Professor Richard T. Hughes, the author of the first piece linked to, tells an amazing story that I think illustrates the problem we face within the Christian community. We are definitely of two minds, and it seems that our worldviews are so diametrically in opposition, that I wonder if there is a solution.

It’s important to relate the story, however as I said, do read the post.

Dr. Hughes teaches at Messiah College, clearly a religiously oriented school. For first year students, the faculty decided to use a text about Dr. Paul Farmer, who left a lucrative medical practice to devote his life to ministering to the Haitians.
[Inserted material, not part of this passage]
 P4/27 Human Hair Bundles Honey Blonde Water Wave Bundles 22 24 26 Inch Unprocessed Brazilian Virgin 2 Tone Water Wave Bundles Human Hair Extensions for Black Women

All felt the book perfectly illustrated the ministry the college hoped to engender in its students.

Hughes reports that a young student approached and complained that the book was an improper choice, since it was clear that “Farmer was no Christian.” Hughes is dumbfounded, since Dr. Farmer is a life long Catholic, and has spend years treating tens of thousands of poor Haitians, following the call of Jesus himself in Matthew 25.

Dr. Hughes asks for elucidation. The student replies. Having read the book, the student claims that there was NO reference to any efforts on Farmer’s part to teach the gospel and convert the “heathens.” Thus, in her mind, he could not be a Christian.
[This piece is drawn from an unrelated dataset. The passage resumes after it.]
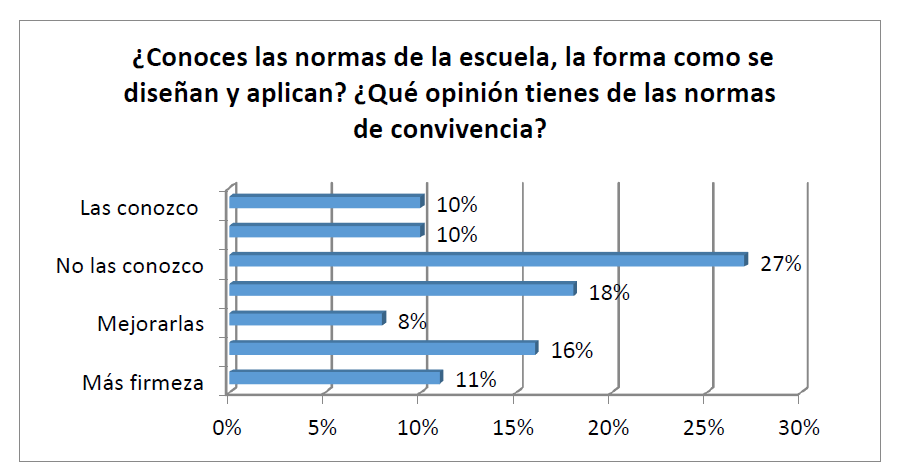 Por otro lado, el 27% de las familias encuestadas desconocen las normas establecidas en la escuela; un 18% de ellos afirman que estas normas no se respetan y un 16% opina que no se aplican. Sin embargo, existe un 20% que las conoce y las considera buenas; mientras que un 11% revela la necesidad de mayor firmeza en su aplicación y una minoría representada en el 8% declara la necesidad de mejorarlas (ver gráfico 2.). Como se puede observar son innegables las discrepancias existentes en la percepción de la convivencia por parte de los representantes de las familias de la institución.

This sets the tone, I would suggest, of the problem. How do biblical literalists ignore the utter clear directive of Jesus to “love one’s enemies,” to “turn the other cheek,” and to feed the hungry, clothe the naked, minister to the sick, and so forth, because in doing so, they are caring for Jesus himself. What can be more powerful than this?

Yet, somehow, this message is ignored, explained away, or perverted into something unintelligible, simply because all this “ministering” is worthless if the soul is lost and not converted to a “personal” relationship with Jesus. In other words, our primary and overriding ministry is to preach Jesus as savior. All else is but window dressing.

Of course, to most of us, this is breathtakingly wrong. It is missing the point. It is denying the tenor of Jesus’ message. While Jesus did send out his disciples to “preach the Good News,” they were empowered to cast out demons and to heal the sick. Time and time again, he told us that the peacemakers would inherit the Kingdom. The poor would have good things. And of course Matthew 25 lays out the strongest of all orders to “feed the sheep” and not by way of theology, but in concrete ways, with food, housing, clothing, medical care.

How do we reach accord when we are at such odds? I have no clue frankly. I’m hoping that Dr. Hughes will offer some suggestions in Part II. And that may lead to Part II here as well. Ponder it friends.